Published Thu, Aug 8, 2019 · 04:03 AM

[SHANGHAI] China's yuan inched up in early trade on Thursday, despite the central bank setting its official midpoint past the key seven to the dollar threshold for the first time since global financial crisis.

The People's Bank of China (PBOC) set the midpoint rate at 7.0039 per dollar prior to the market open, 43 pips weaker than the previous fix of 6.9996.

While this was the weakest central bank fixing since April 21, 2008, it was firmer than market expectations and seen as a signal that authorities wanted to stabilise the decline in the currency following this week's sharp falls.

Broad weakness in the official guidance rate came after heavy losses in the spot yuan, as tensions between the world's two largest economies broadened to include foreign exchange policy with Washington earlier this week declaring China a currency manipulator.

Offshore yuan hovered above record lows on Thursday. Earlier this week, the onshore currency weakened past the psychologically important 7 per dollar mark for the first time in 11 years.

"After the market broke 7, it was just a matter of time before the fixing broke the same level," said Frances Cheung, head of Asia macro strategy at Westpac in Singapore.

The onshore spot yuan opened at 7.0402 per dollar and was changing hands at 7.0485 as of 0224 GMT (10.24am SGT), 111 pips firmer than the previous late session close. Its offshore counterpart was trading at 7.0720 per dollar, firmer that Wednesday's close of 7.0823.

Investors have been closely tracking the PBOC's official fixing this week looking for clues on Beijing's currency stance to guide their yuan positions.

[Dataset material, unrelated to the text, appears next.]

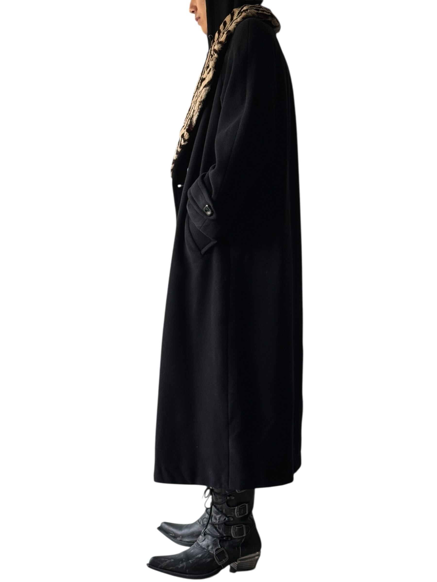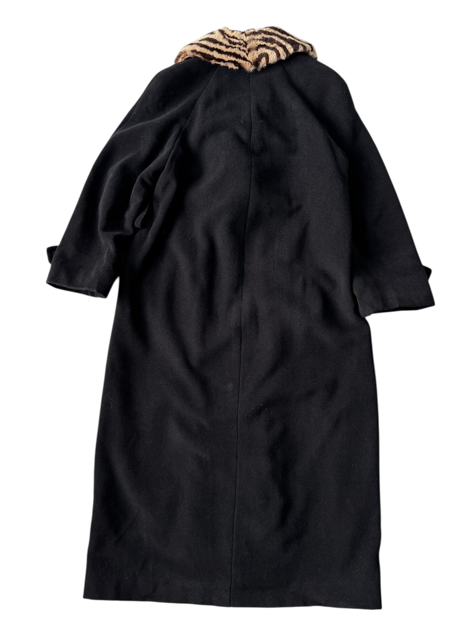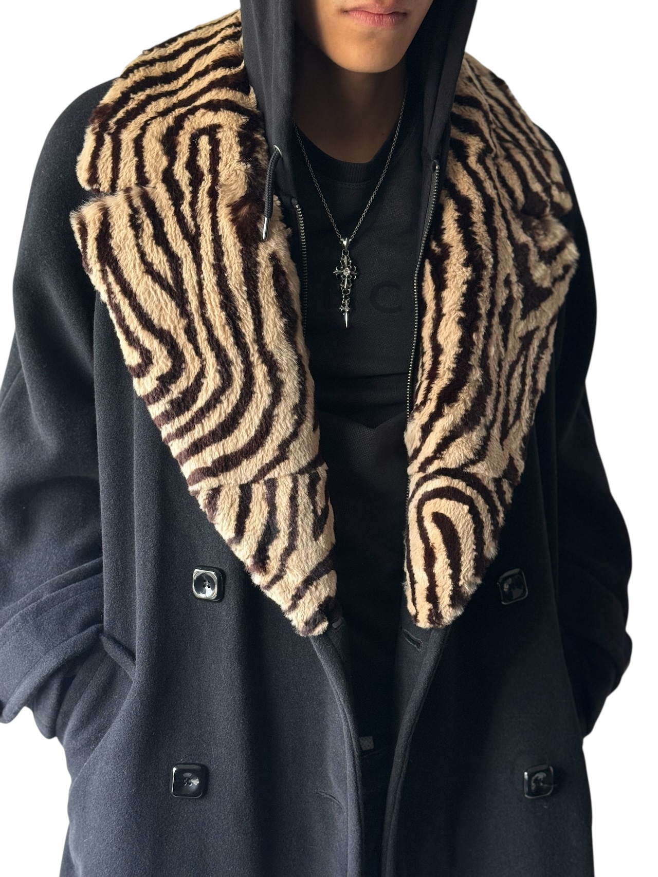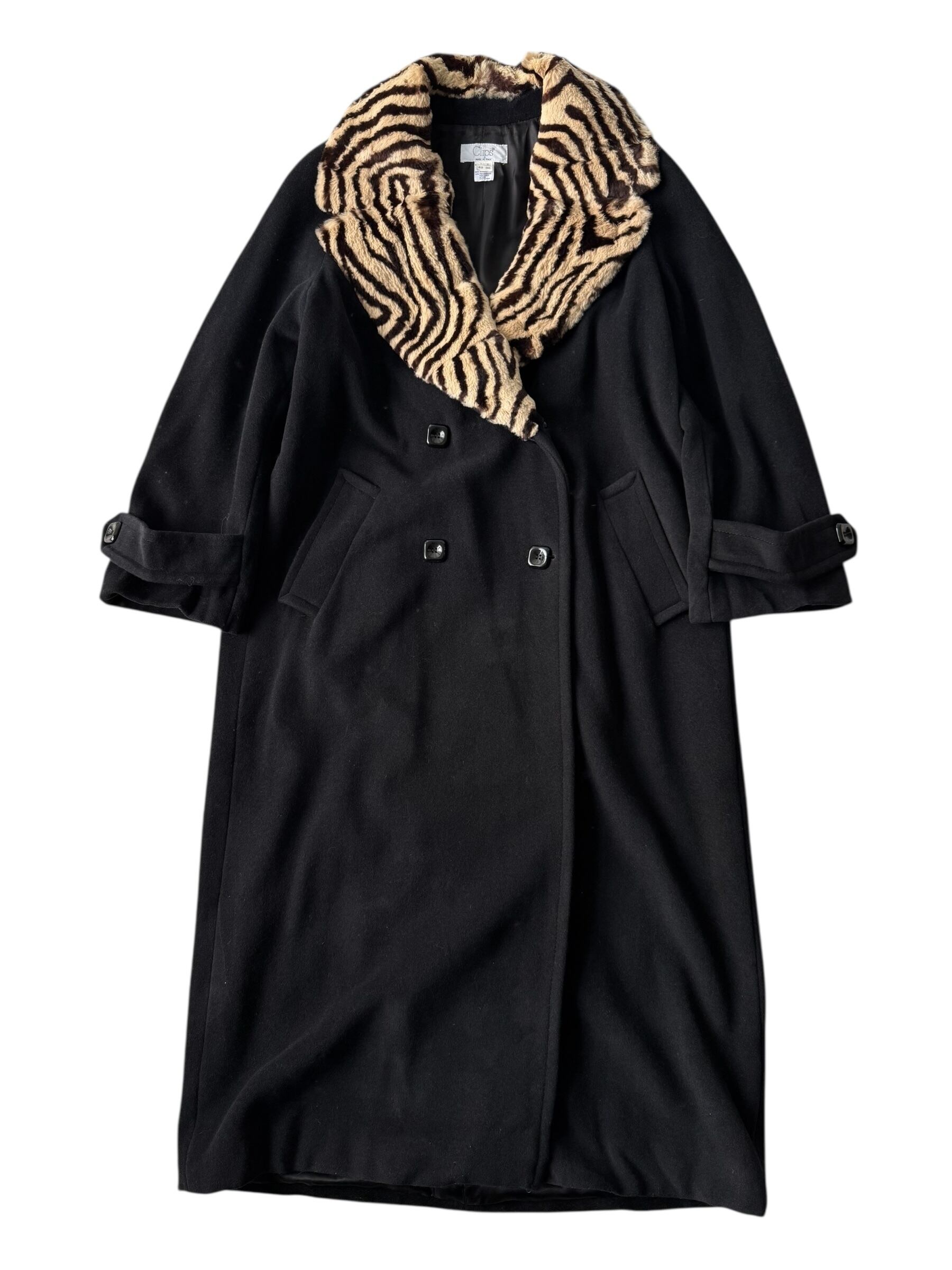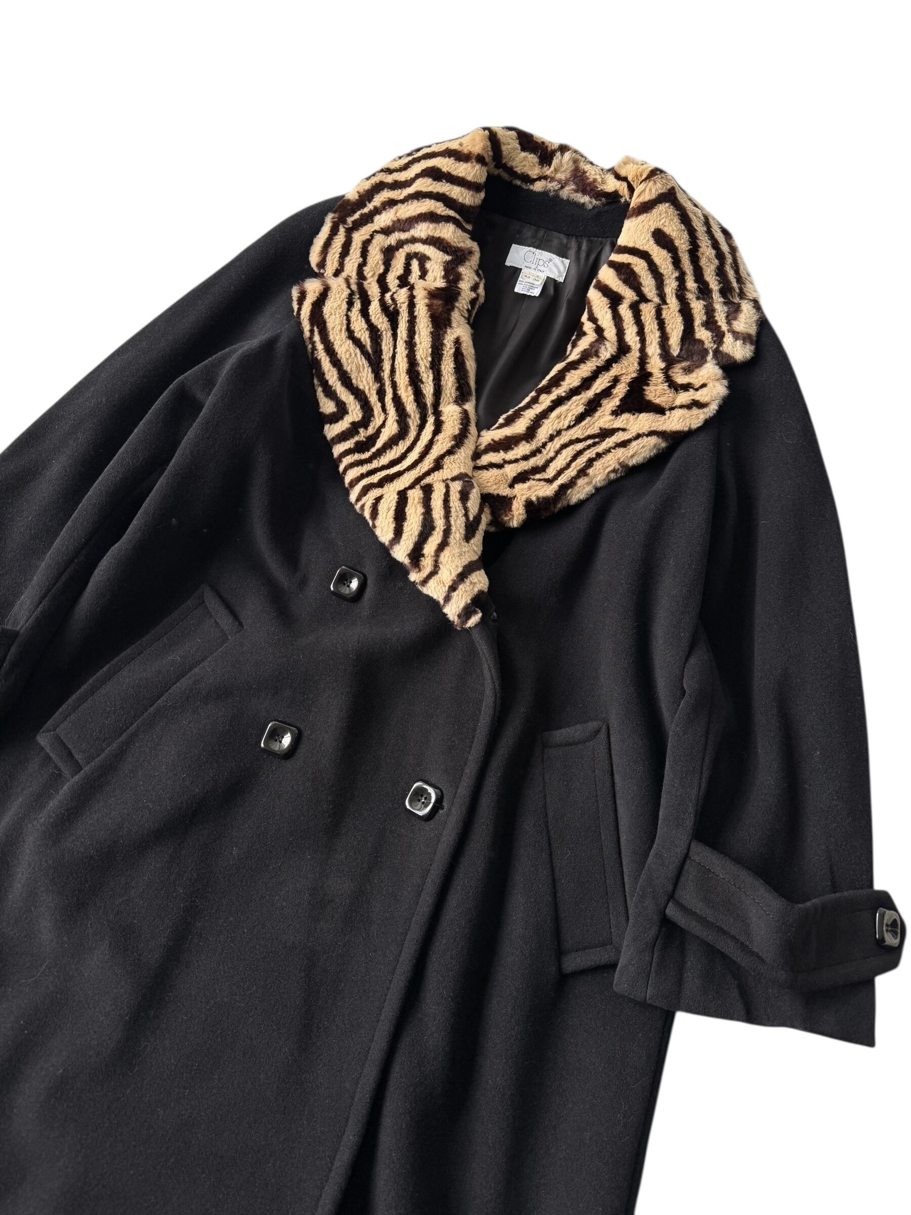 ♾Clips♾ Tiger print real fur collar long coat size 42 MADE IN ITALY

Analysts said Thursday's midpoint was much stronger than their forecasts, suggesting the central bank might have used the so-called "counter-cyclical factor" intensively.

The counter-cyclical factor, first introduced in May 2017 to the midpoint formula, is widely interpreted by the market as an official tool to reduce price swings and temper depreciation expectations.

"The heavily used counter-cyclical factor showed that the central bank was only planning to smash the magic 7 curse, rather than guiding with continued depreciation," said a trader at a Chinese bank in Shanghai.

On Thursday, the official guidance rate was 0.24 per cent stronger than Reuters' estimate of 7.0205 per dollar.

Ken Cheung, senior Asian FX strategist at Mizuho Bank in Hong Kong, said the fixing confirmed the psychologically key level was not the "red line" for the yuan.

"USD/CNY trading above 7 is a new reasonable equilibrium. And PBOC signals to allow gradual RMB depreciation at an orderly pace," he said.

"PBOC is less committed to keeping RMB steady after the breakdown of trade talks."

In an effort to slow the yuan's decline, China's major state-owned banks have this week been active in the yuan forwards markets, using swaps to curb greenback supply, sources told Reuters on Wednesday.

Four sources with knowledge of the matter said that state banks were seen swapping yuan for dollars in onshore forwards market to support the Chinese unit.

Market participants believe major state-run banks often act on behalf of the PBOC in the country's foreign exchange market.